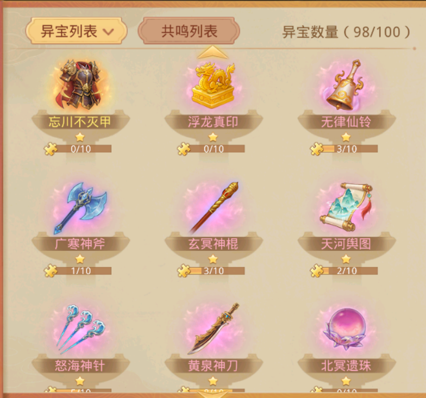 其中,除去下品的20件异宝,剩余的80件组成共12种共鸣组合,收集到对应的异宝就可以激活共鸣属性,集齐下品以上的80件异宝,即可激活全部共鸣属性。共鸣属性激活后会提升对应属性。
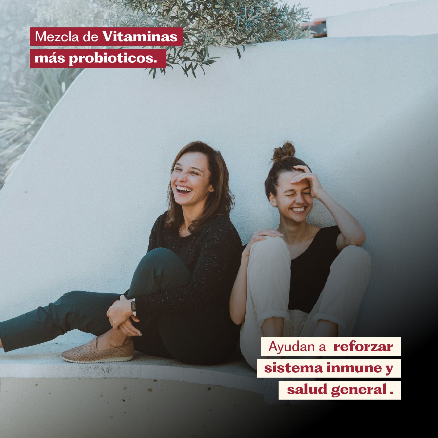 Gomitas Multivitamínico + Probióticos: Tomar 2 gomitas al día, preferentemente junto a una comida.
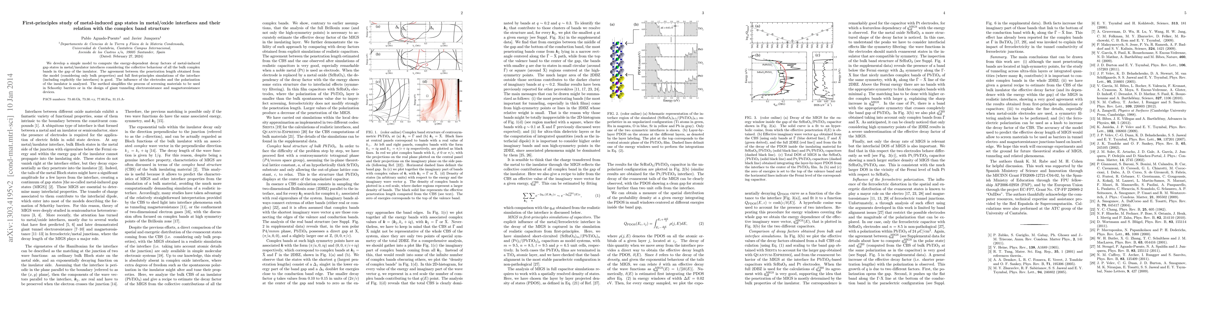 We develop a simple model to compute the energy-dependent decay factors of metal-induced gap states in metal/insulator interfaces considering the collective behaviour of all the bulk complex bands in the gap of the insulator. The agreement between the penetration length obtained from the model (considering only bulk properties) and full first-principles simulations of the interface (including explicitly the interfaces) is good. The influence of the electrodes and the polarization of the insulator is analyzed. The method simplifies the process of screening materials to be used in Schootky barriers or in the design of giant tunneling electroresistance and magnetoresistance devices.
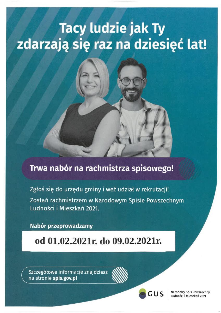 Dodatkowych informacji w sprawie naboru udziela Anna Formela - koordynator Gminnego Biura Spisowego Urzędu Gminy tel. 59 842-84-60 wew. 14 lub tel. komórkowy 0609008014.
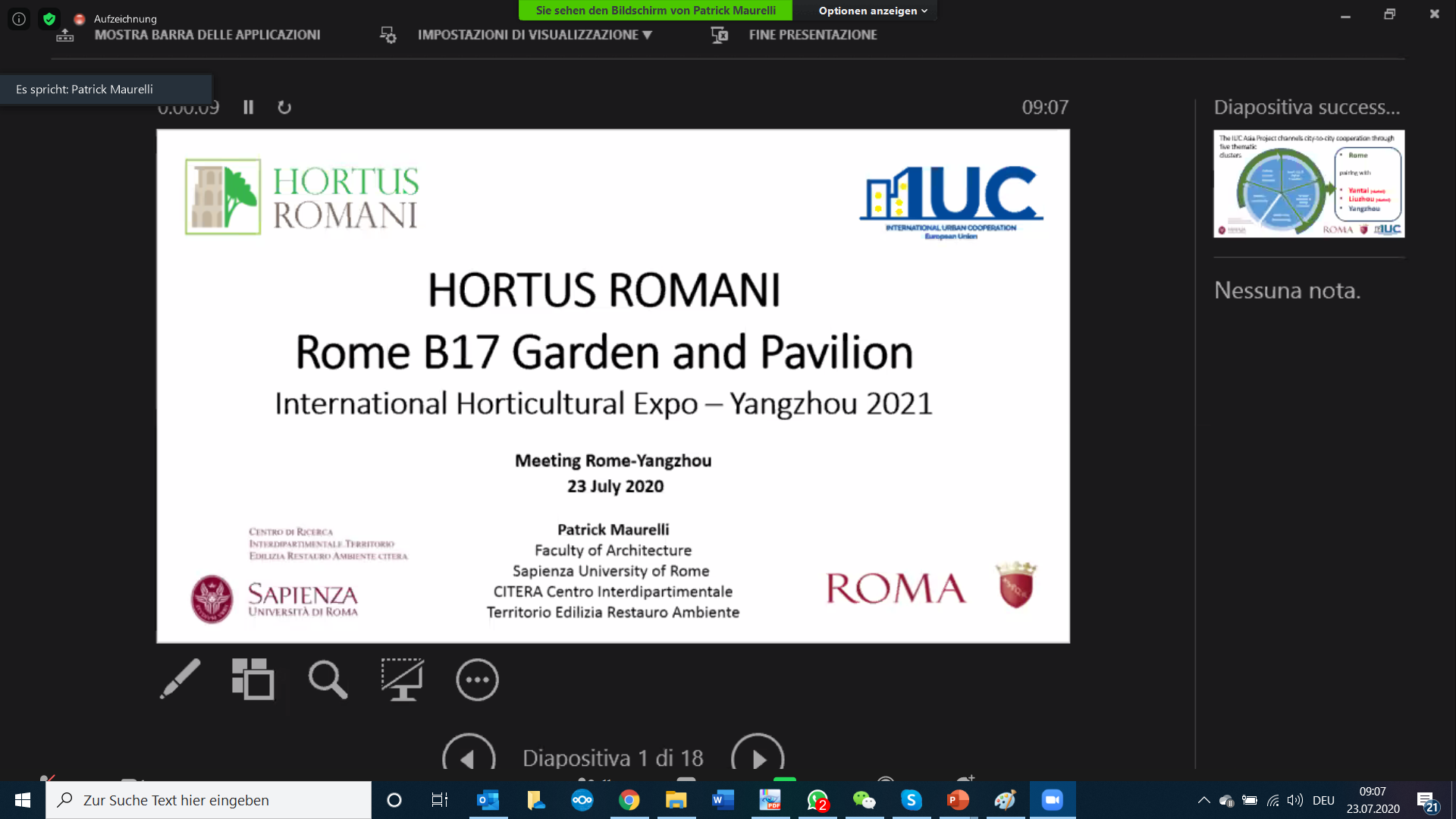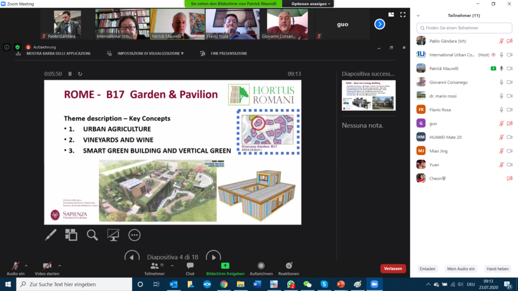 The IUC team organised an online meeting between experts from Rome and Yangzhou to discuss some technical details of Rome’s garden pavilion design as well as of few possible events to be organised by Rome during the Yangzhou Horticulture Expo 2021. Dr. Patrick Maurelli and Dr. Flavio Rossa from CITERA at Sapienza University first explained the three themes of the Rome garden: urban agriculture, vineyard & wine, and smart green building & vertical green.

### The problem
Reproduce the material above from its first line through the line containing "Gomitas Multivitamínico +", both ends included, and skip every picture.

### Task result
 其中,除去下品的20件异宝,剩余的80件组成共12种共鸣组合,收集到对应的异宝就可以激活共鸣属性,集齐下品以上的80件异宝,即可激活全部共鸣属性。共鸣属性激活后会提升对应属性。
 Gomitas Multivitamínico + Probióticos: Tomar 2 gomitas al día, preferentemente junto a una comida.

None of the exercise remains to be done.